Pour 2 c. of water into your Instant Pot, and put a trivet inside.

Add the sugar, vanilla, milk and tapioca into the pot you will use inside your IP, stir. Add an egg and whisk together so it is all combined well. Cover with foil.

Lower pot on to your trivet. Put the lid on your IP and close the steam valve. Put your IP on manual, pressure, high, for 7 minutes. 

When it beeps do a natural release, or allow it to sit for about 5 minutes before releasing steam valve or else steam that comes out will contain a bit of milk (and be kinda' messy). 

Lift out of pot carefully and let it cool for a few minutes. Stir and put aluminum foil over pot with pudding inside (it won't appear to be done).
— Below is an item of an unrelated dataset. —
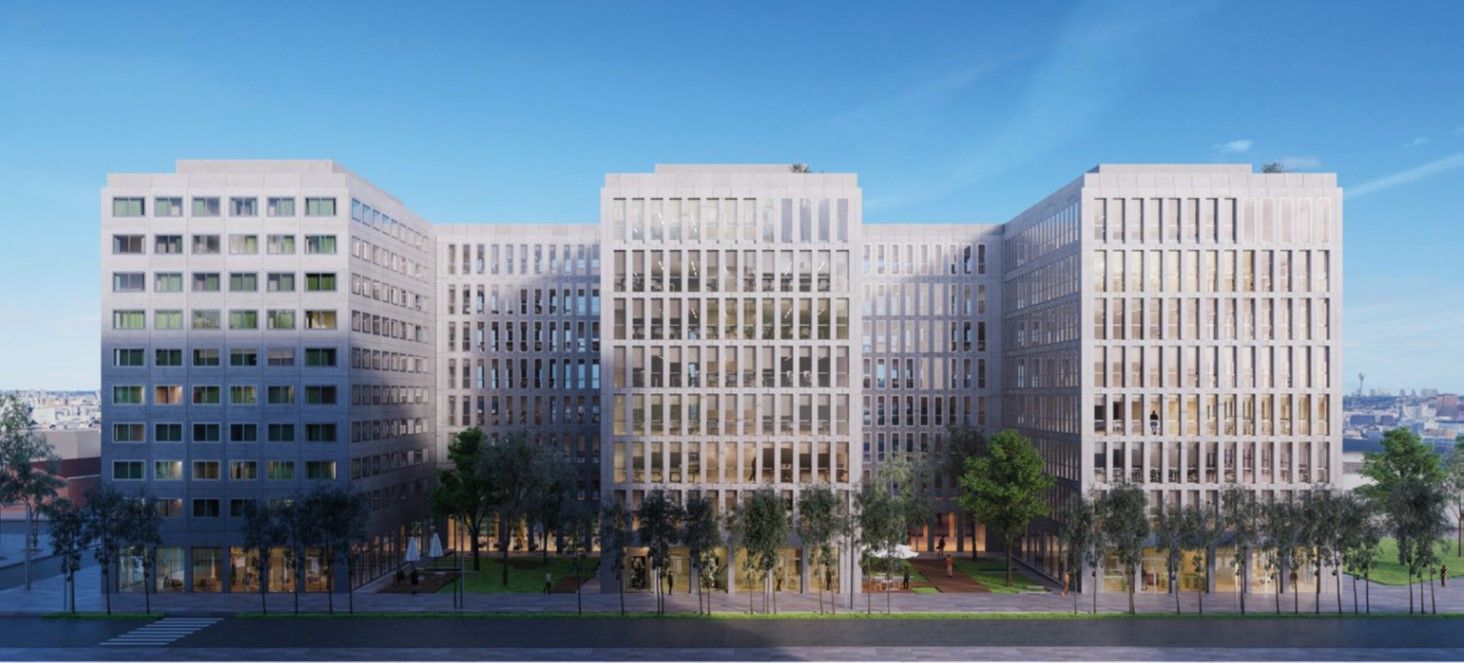 Au pied du futur complexe hôtelier de la Tour Pleyel, 2 immeubles de bureaux neufs (Code du Travail et IGH) viennent clôturer l'aménagement du site tertiaire.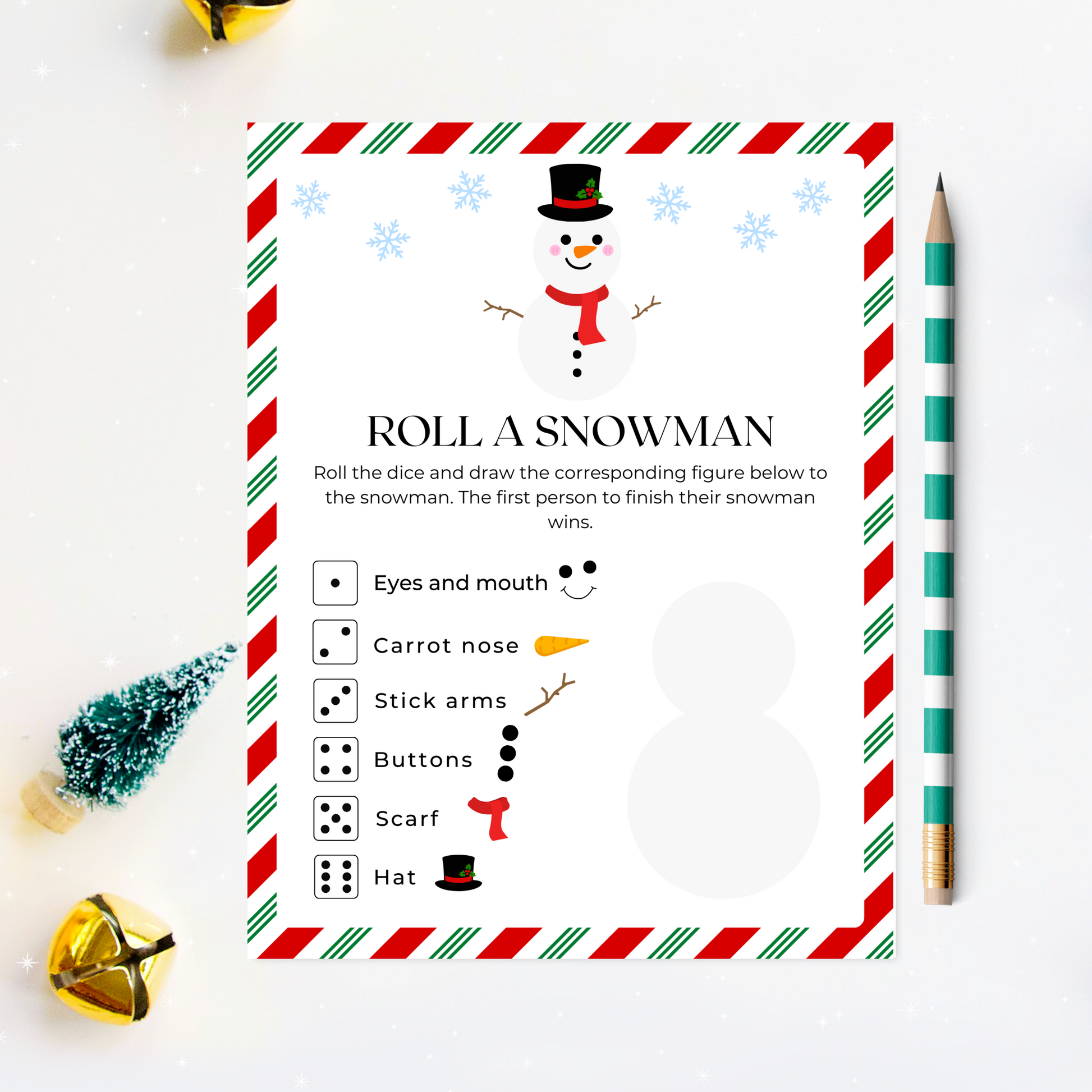 Roll A Snowman Dice Game - Digital Download

Put into fridge overnight or at least for several hours to stiffen up and enjoy! I have tried this without the PIP method and it works well but gets brown on the bottom of the IP pot so PIP method works better.


----------



## Kansas g-ma

Sounds really good but I always make the fluffy type. I like regular, just never make it! Might have to try this.


----------



## Phoenix

I'm not sure if I've ever had the fluffy kind before...Maybe next time you make it you can send me a picture!


----------



## Kansas g-ma

Phoenix said:


> I'm not sure if I've ever had the fluffy kind before...Maybe next time you make it you can send me a picture!


You separate the eggs, beat whites stiff, cook the rest as usual, then fold into whites. The heat is supposed to cook the whites. Not sure a pix would show up very well.


----------



## Phoenix

Sounds simple enough...I'll have to try it. Thanks.


----------



## Kansas g-ma

Phoenix said:


> Sounds simple enough...I'll have to try it. Thanks.


recipe used to be on the box of quick tapioca, haven't bought any in years, don't know if still there.


----------



## Cocoa

What did you use for the inner pot? Does it have to be mettle because of the pressure?


----------



## grandmaluck

I use to make this for my kids, I would add a little food coloring to it, made it look pretty and they loved it.


----------



## Phoenix

Cocoa said:


> What did you use for the inner pot? Does it have to be mettle because of the pressure?


I'm not sure...it doesn't say...but I'm sure metal would be best.


----------